Both the Town and TSMVPL argued their interpretations of Borgel v. Paintearth, a 2020 court case under Section 619 which was cited multiple times in the LPRT decisions. The interpretation of consistency between the ASPs and the NRCB approval was also disputed, specifically if what was brought forward by TSMVPL aligned with the 1992 decision.

“The board’s assessment of determination of broad consistency is not plucked out of the air, but came from the submissions of the Town,” said Stewart-Palmer. “It came from the questioning of the Town’s witnesses and submissions to the tribunal. When the board comes to a conclusion of broad consistency being the test, this is not plucked from air. It’s derived from the submissions of the parties before it.

“At the end of the day, the tribunal found there was 100 per cent consistency and the Town be directed to pass the area structure plans. Factually, they found them to be consistent. … They didn’t have to draw a line where they weren’t consistent because factually they found they were.”

Becker Brookes said the two ASPs were not consistent due to differences in the plans to the NRCB decision, especially with the proposed commercial and recreation development.

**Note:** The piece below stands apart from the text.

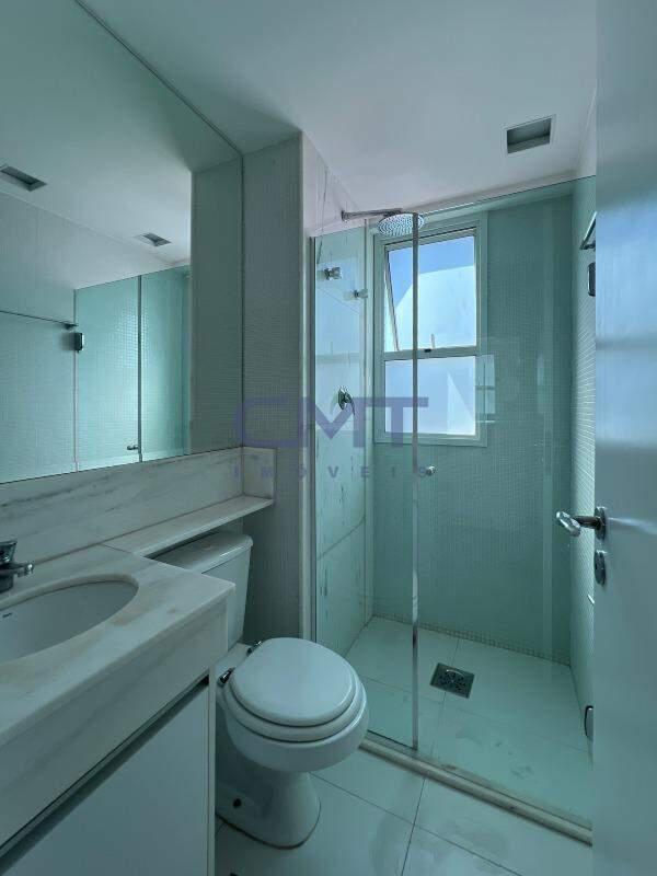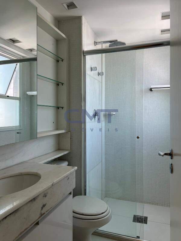 Suíte master com banheiro espaçoso, armários, espelho, 2 duchas, bancada em mármore com armário e 2 lavatórios.
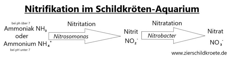 Durch Futterreste, abgestorbene Pflanzen, Kot und Urin der Wasserschildkröten sowie Haut- und Panzerschuppen gelangen Abfallstoffe in das Aquarienwasser. Diese enthalten immer organische Stickstoffverbindungen. In einem eingefahrenen Aquarium werden diese Stickstoffverbindungen mit der sogenannten Nitrifikation abgebaut. Am Ende kommt dabei Nitrat heraus, das ist die am wenigsten giftige Stickstoffverbindung im Aquarium. Aber ganz ungiftig ist sie auch nicht. Daher muss man dieses Nitrat regelmäßig entfernen. Ein Filter kann das nicht, daher muss man das Wasser austauschen.

“They are not 100 per cent consistent. There are not three golf courses. There are not five hotels. There is no convention facility. There is a change in phasing, which is not happening between 1992 and 2022. It is happening between 2022 and 30 or 40 years out in the future.”

The LPRT decisions entirely went in favour of TSMVPL, with the tribunal noting in both decisions it aligned with the 1992 NRCB decision.

The LPRT stated since the 1992 NRCB decision remains in effect, the Town was legally obligated to pass the ASPs and Canmore was unable to “refuse the project altogether if it complies with the NRCB approval. Section 619 requires the Town to approve the application to the extent that it complies with the NRCB approval.”

The LPRT hearings lasted 15 days and had more than 110 hours of testimony in addition to thousands of pages of evidence accepted.

Town council set aside a budget of $750,000 for litigation with TSMVPL, having spent $217,000 during the LPRT hearings.

TSMVPL also has a $161 million lawsuit against the Town and previous council, while Thunderstone Quarries has a $63.5 million lawsuit against the Town since it owns lands that are part of the Smith Creek proposal.

No timeline was given on when a decision will be made by the court.